§ ABOUT THIS EXERCISE: Would you copy out the following entries exactly, without any of the pictures?

§ DATASET RECORDS:
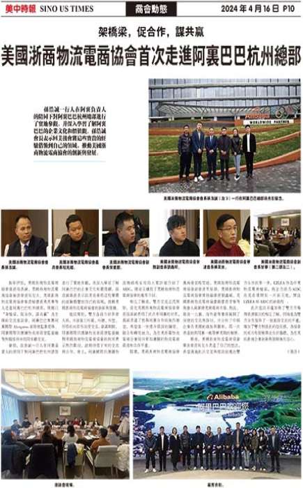 美国浙商物流电商协会会长孙浩诚(左3)一行在阿里巴巴总部前合影留念。新年伊始,美国浙商物流电商协会会长孙浩诚、美国浙商物流电商协会宁波会长吴友水、美国浙商物流电商协会宁波秘书长马燕华等人走进阿里巴巴杭州总部,开展以“架桥梁,促合作,谋共赢”为主题的交流座谈会。阿里巴巴集团阿里国际Aliexpress高级总监黄爱珠、阿里国际供应链物流高级总监裔韻等热情接待并陪同参观交流。会前,孙浩诚一行人在阿里负责人的陪同下对阿里巴巴杭州总部进行了实地参观,并深入...
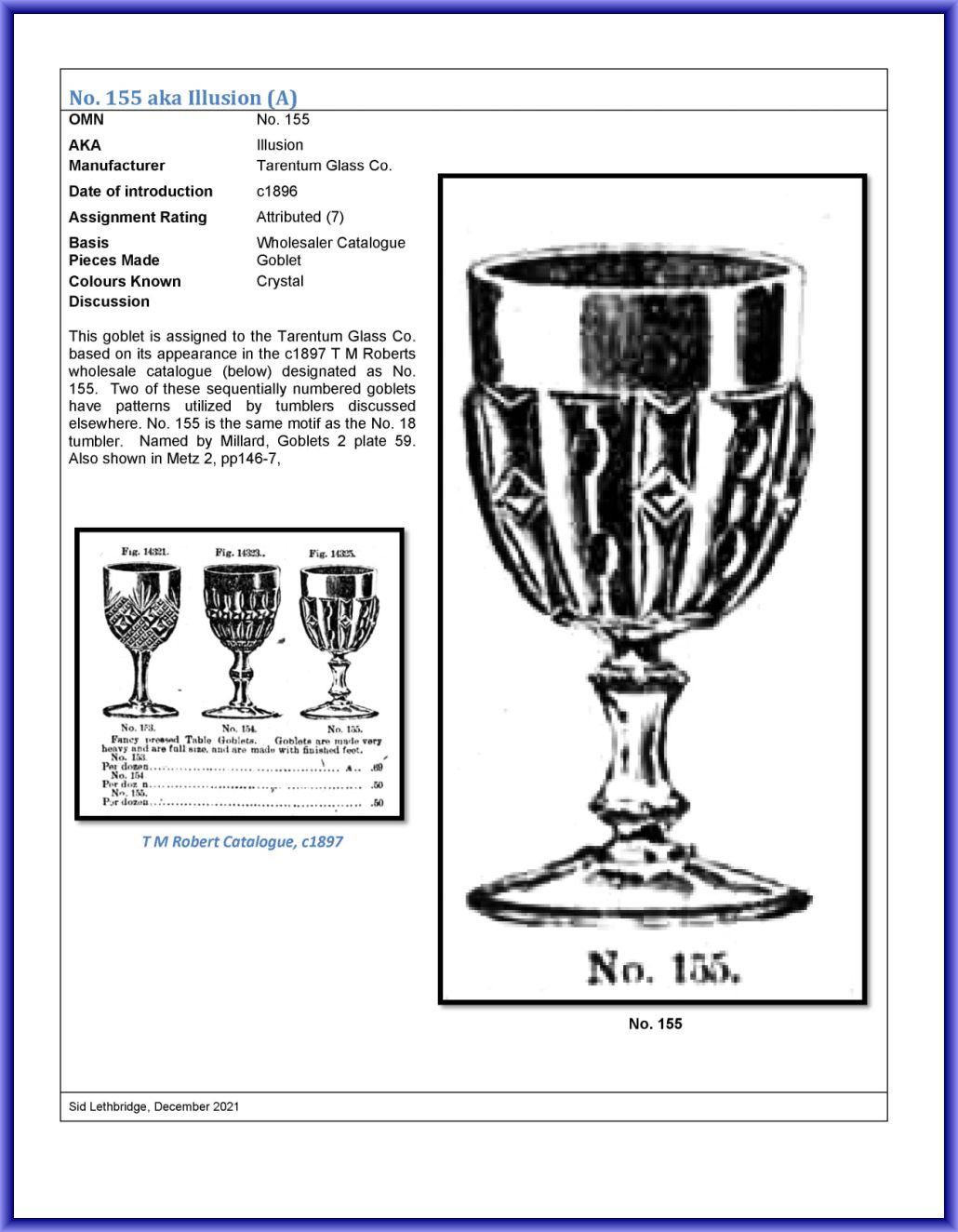 TARENTUM GLASS CO. No. 155 (OMN) by Tarentum Glass Company/Tarentum-PA (Company Operated: 1894-1918), c1896 Introduced
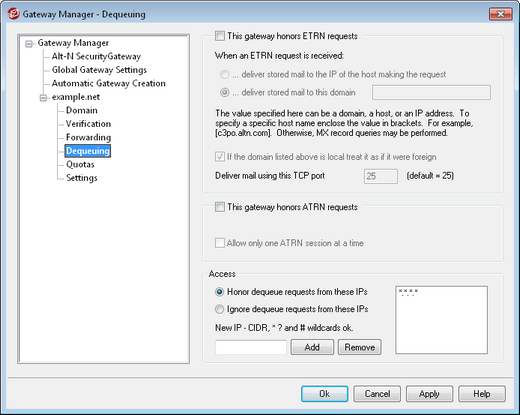 Select this switch and MDaemon will honor ETRN/ATRN requests made from any IP listed in the associated address list.
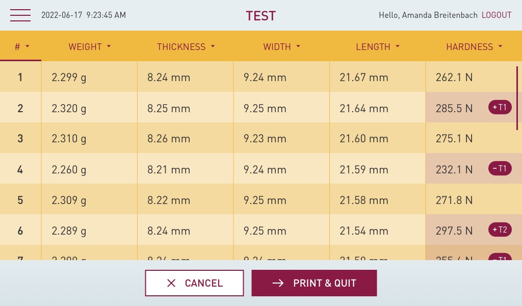 The on-screen menu will lead the user through the test at all times. The five results are immediately displayed and can be printed directly or transferred to a LIMS system. The results are saved to the internal database of the instrument and can be always reviewed. When printing via either a printer directly connected by USB or a network printer three options are available: print the data including each individual result as well as product information, date, time, user, instrument serial number, statistics can be added to this information of just print the breaking curve of the last broken tablet.
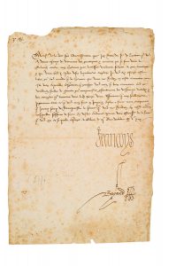FRANÇOIS IER (1494-1547) Roi de France. L.S. «Francoys», Blois 3 octobre 1519, à Pierre JEHANNOT, Sieur de LA LOUE ; contresignée par Gilbert BAYARD ; 1 page in-fol., adresse au verso (rousseurs et petite déchirure dans le haut sans...
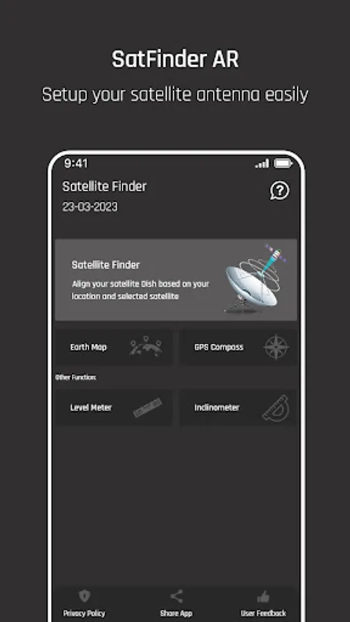 Easily set up TV dish antenna direct tv app with quick digital satfinder quick dish align satellite pointer according to the satellite position. It will give you accurate lnb azimuth and elevation value according to your location relates to GPS for proper setup of dish network satelital dish alignment. It also provides you bubble level meter and inclinometer for measuring angle of slope for proper tv dish antenna placement. Satellite dish setting is now on your fingertips using our Digital satfinder quick dish pointer application. Point your device towards the targeted dish parabola satellite from the list of available satellites. The sattelite dishpointer app freely directs the compass towards the satellite in correct direction in satellite tracking device for matching the frequency of all satellites. Set your device very precisely by reading the specific sat coordinates information: lnb, azimuth, elevation and polarization angles that are highly precise calculating information regarding specific satellite dish. This dish finders satellite director helps you align's your satellite dish based on your gps maps location address and selected satellite.
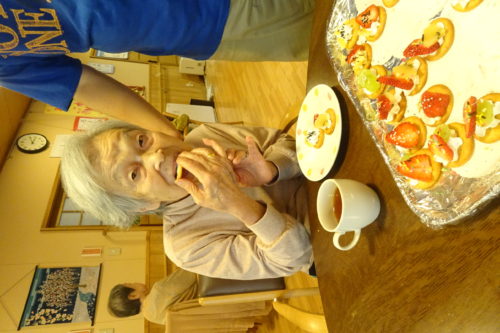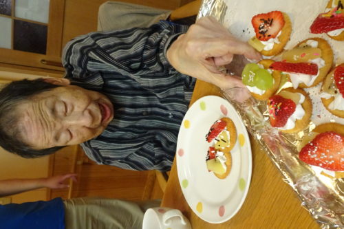 お菓子のリッツを使って、見た目にも楽しいお菓子を召し上がっていただきました。
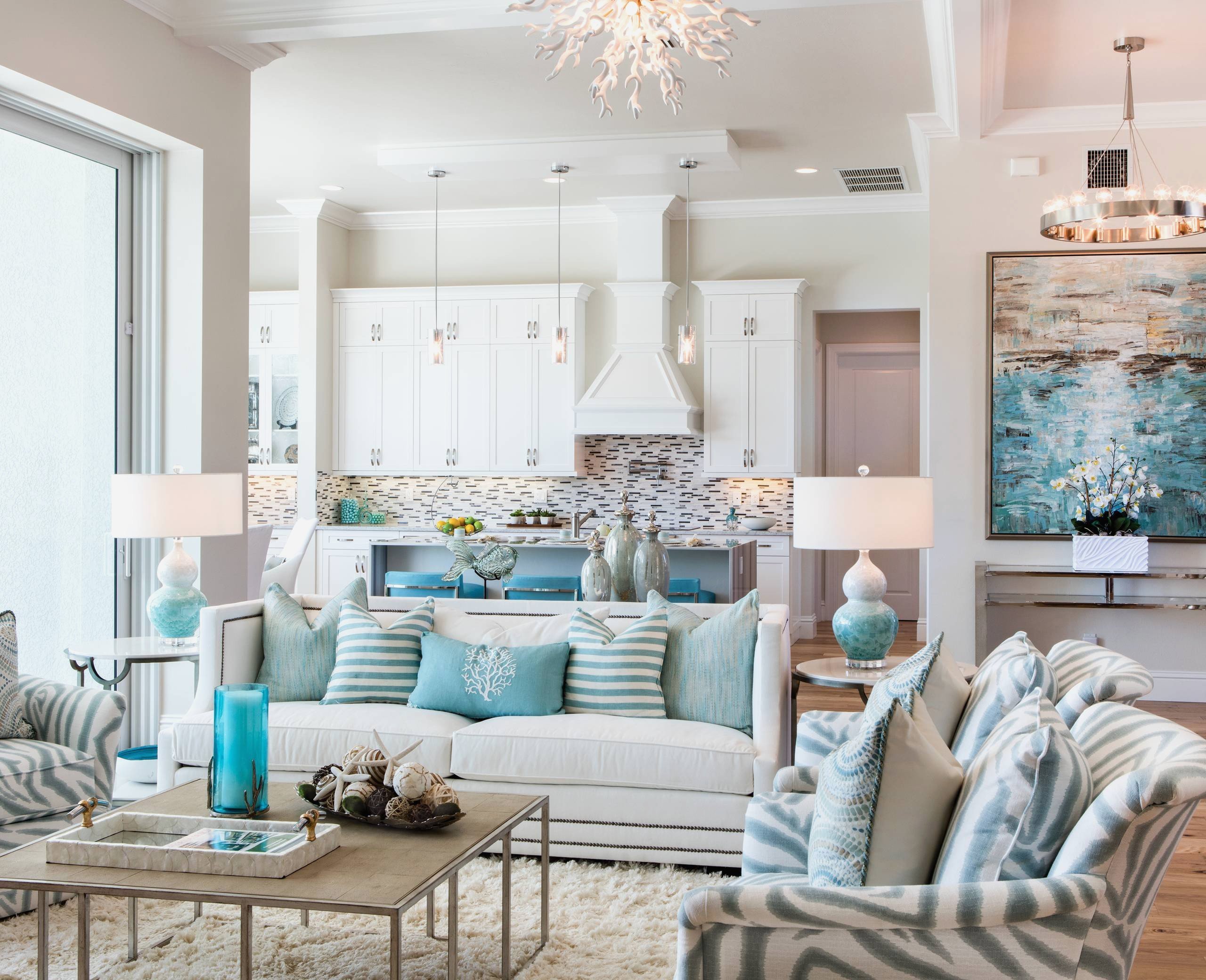 Гостиная в бело голубых тонах
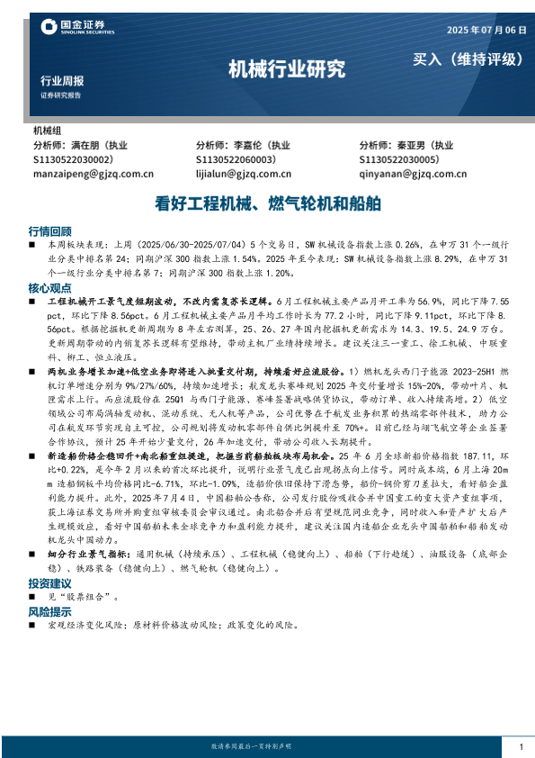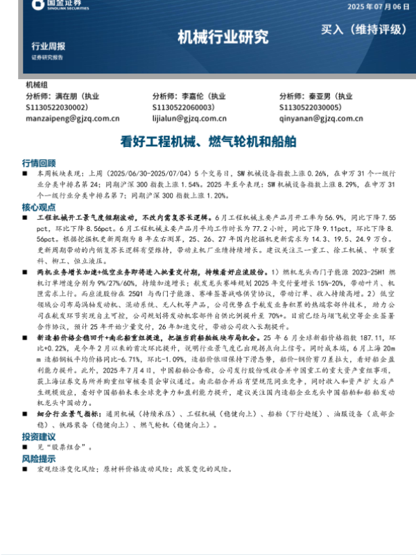 【国金证券】【20250706】机械行业周报:看好工程机械、燃气轮机和船舶-16页
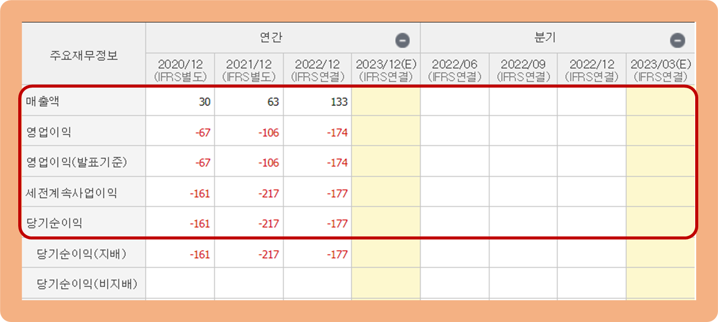 연간 영업이익과 당기순이익은 2022년 기준 각 -174억원, -177억원 손실을 기록하며 최근 수년 동안 계속해서 적자행진을 이어가고 있는 모습이네요.
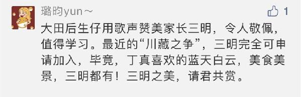 MV時(shí)長3分鐘多,有網(wǎng)友表示不過癮,也有網(wǎng)友對(duì)自己的家鄉(xiāng)沒有在MV中亮相感到有些遺憾,希望MV可以再長點(diǎn),“建議把三明各個(gè)縣的美景都放進(jìn)去”。(現(xiàn)代快報(bào) +/ZAKER 南京記者 徐紅艷 張瑜 常毅 鹿偉)
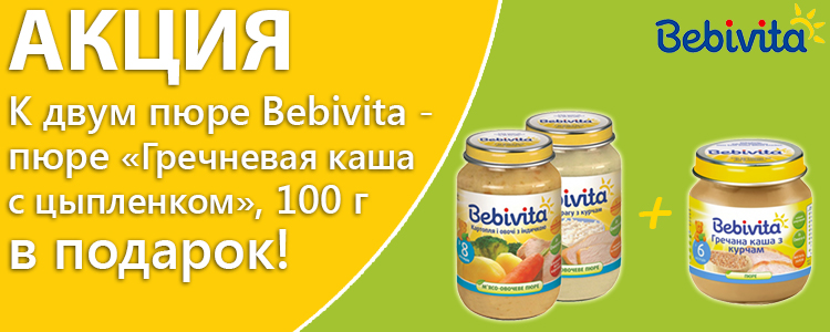 При покупке двух пюре Bebivita — пюре "Гречневая каша с цыпленком" в подарок!
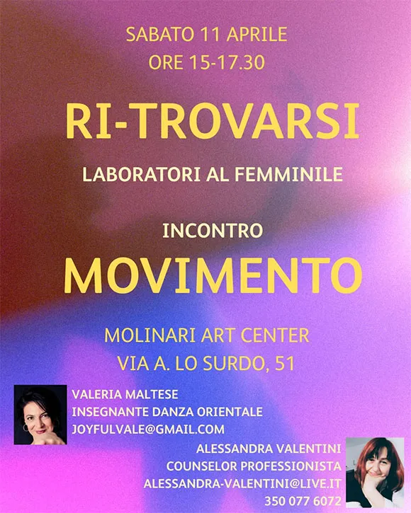 Vi aspettiamo a sperimentare un pomeriggio di MOVIMENTO con il Counseling e la Danza Orientale con la maestra Valeria Maltese.
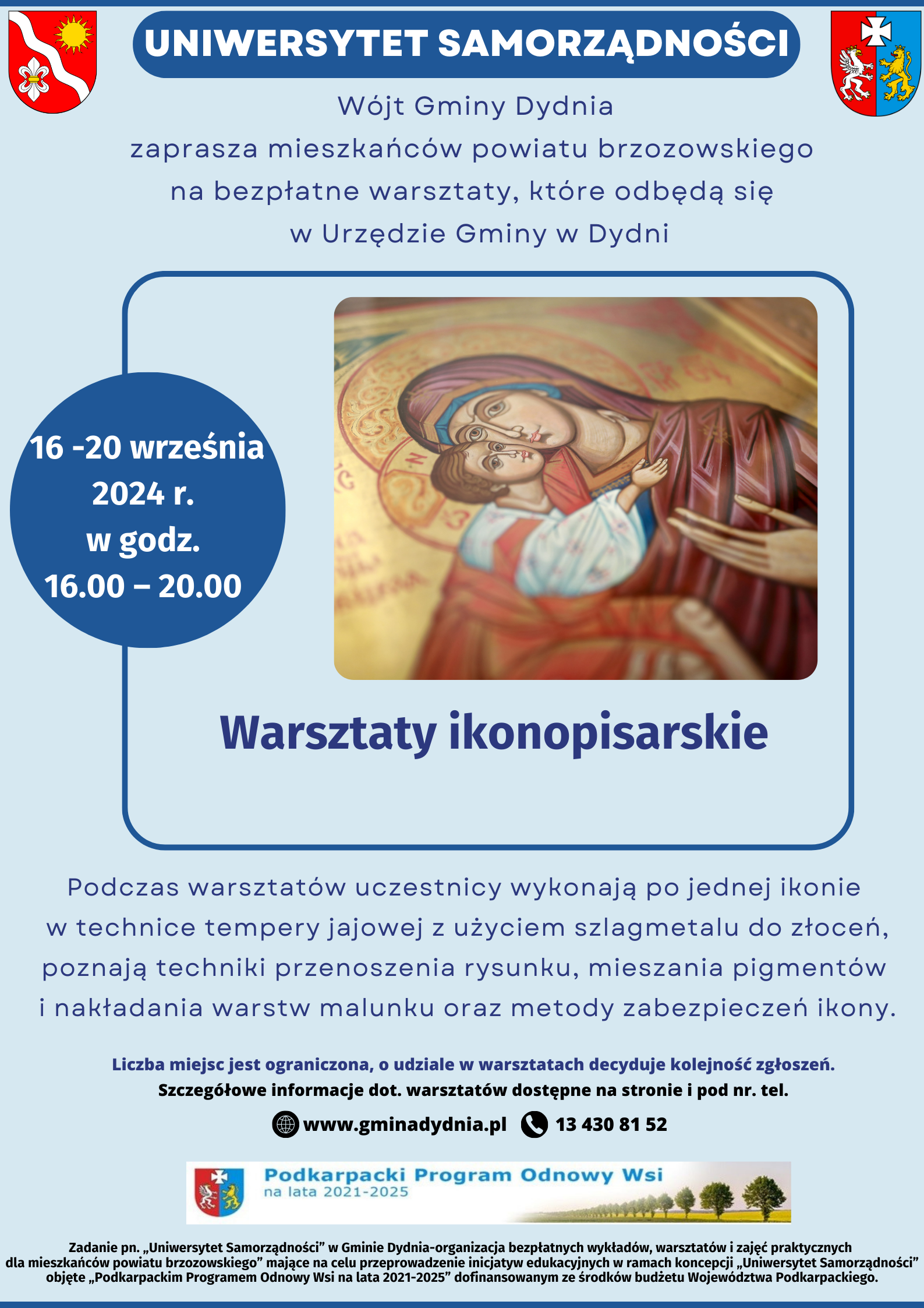 W związku z realizacją przez Gminę Dydnia zadania pn.: „Uniwersytet Samorządności” w Gminie Dydnia – organizacja bezpłatnych wykładów, warsztatów i zajęć praktycznych dla mieszkańców powiatu brzozowskiego” w ramach II etapu koncepcji „Uniwersytet Samorządności” objętej Podkarpackim Programem Odnowy Wsi na lata 2021-2025 dofinansowanym ze środków budżetu Województwa Podkarpackiego, zwracamy się z uprzejmą prośbą o udostępnienie na Państwa stronie internetowej zaproszenia dla mieszkańców powiatu brzozowskiego na bezpłatne warsztaty ikonopisarskie, które odbędą się w dniach od 16 do 20 września 2024 r. (tj. od poniedziałku do piątku). Warsztaty rozpoczynać się będą o godzinie 16:00 w Sali Urzędu Gminy Dydnia (Dydnia 224).
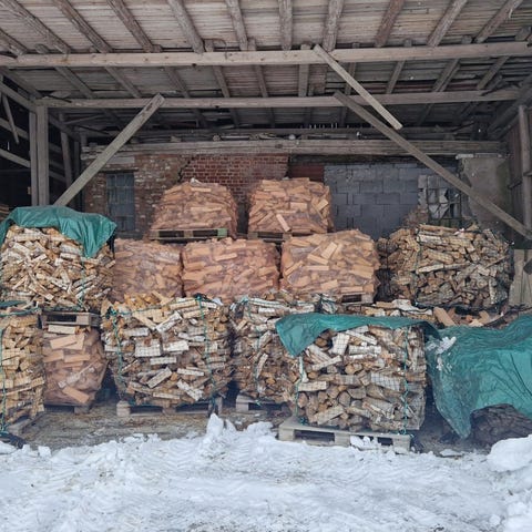 Selger tørr og godt lagret ved, perfekt for peis og vedovn. Alt er ferdig pakket og klar til henting.

§ RESPONSE:
 美国浙商物流电商协会会长孙浩诚(左3)一行在阿里巴巴总部前合影留念。新年伊始,美国浙商物流电商协会会长孙浩诚、美国浙商物流电商协会宁波会长吴友水、美国浙商物流电商协会宁波秘书长马燕华等人走进阿里巴巴杭州总部,开展以“架桥梁,促合作,谋共赢”为主题的交流座谈会。阿里巴巴集团阿里国际Aliexpress高级总监黄爱珠、阿里国际供应链物流高级总监裔韻等热情接待并陪同参观交流。会前,孙浩诚一行人在阿里负责人的陪同下对阿里巴巴杭州总部进行了实地参观,并深入...
 TARENTUM GLASS CO. No. 155 (OMN) by Tarentum Glass Company/Tarentum-PA (Company Operated: 1894-1918), c1896 Introduced
 Select this switch and MDaemon will honor ETRN/ATRN requests made from any IP listed in the associated address list.
 The on-screen menu will lead the user through the test at all times. The five results are immediately displayed and can be printed directly or transferred to a LIMS system. The results are saved to the internal database of the instrument and can be always reviewed. When printing via either a printer directly connected by USB or a network printer three options are available: print the data including each individual result as well as product information, date, time, user, instrument serial number, statistics can be added to this information of just print the breaking curve of the last broken tablet.
FRANÇOIS IER (1494-1547) Roi de France. L.S. «Francoys», Blois 3 octobre 1519, à Pierre JEHANNOT, Sieur de LA LOUE ; contresignée par Gilbert BAYARD ; 1 page in-fol., adresse au verso (rousseurs et petite déchirure dans le haut sans...
 Easily set up TV dish antenna direct tv app with quick digital satfinder quick dish align satellite pointer according to the satellite position. It will give you accurate lnb azimuth and elevation value according to your location relates to GPS for proper setup of dish network satelital dish alignment. It also provides you bubble level meter and inclinometer for measuring angle of slope for proper tv dish antenna placement. Satellite dish setting is now on your fingertips using our Digital satfinder quick dish pointer application. Point your device towards the targeted dish parabola satellite from the list of available satellites. The sattelite dishpointer app freely directs the compass towards the satellite in correct direction in satellite tracking device for matching the frequency of all satellites. Set your device very precisely by reading the specific sat coordinates information: lnb, azimuth, elevation and polarization angles that are highly precise calculating information regarding specific satellite dish. This dish finders satellite director helps you align's your satellite dish based on your gps maps location address and selected satellite.
 お菓子のリッツを使って、見た目にも楽しいお菓子を召し上がっていただきました。
 Гостиная в бело голубых тонах
 【国金证券】【20250706】机械行业周报:看好工程机械、燃气轮机和船舶-16页
 연간 영업이익과 당기순이익은 2022년 기준 각 -174억원, -177억원 손실을 기록하며 최근 수년 동안 계속해서 적자행진을 이어가고 있는 모습이네요.
 MV時(shí)長3分鐘多,有網(wǎng)友表示不過癮,也有網(wǎng)友對(duì)自己的家鄉(xiāng)沒有在MV中亮相感到有些遺憾,希望MV可以再長點(diǎn),“建議把三明各個(gè)縣的美景都放進(jìn)去”。(現(xiàn)代快報(bào) +/ZAKER 南京記者 徐紅艷 張瑜 常毅 鹿偉)
 При покупке двух пюре Bebivita — пюре "Гречневая каша с цыпленком" в подарок!
 Vi aspettiamo a sperimentare un pomeriggio di MOVIMENTO con il Counseling e la Danza Orientale con la maestra Valeria Maltese.
 W związku z realizacją przez Gminę Dydnia zadania pn.: „Uniwersytet Samorządności” w Gminie Dydnia – organizacja bezpłatnych wykładów, warsztatów i zajęć praktycznych dla mieszkańców powiatu brzozowskiego” w ramach II etapu koncepcji „Uniwersytet Samorządności” objętej Podkarpackim Programem Odnowy Wsi na lata 2021-2025 dofinansowanym ze środków budżetu Województwa Podkarpackiego, zwracamy się z uprzejmą prośbą o udostępnienie na Państwa stronie internetowej zaproszenia dla mieszkańców powiatu brzozowskiego na bezpłatne warsztaty ikonopisarskie, które odbędą się w dniach od 16 do 20 września 2024 r. (tj. od poniedziałku do piątku). Warsztaty rozpoczynać się będą o godzinie 16:00 w Sali Urzędu Gminy Dydnia (Dydnia 224).
 Selger tørr og godt lagret ved, perfekt for peis og vedovn. Alt er ferdig pakket og klar til henting.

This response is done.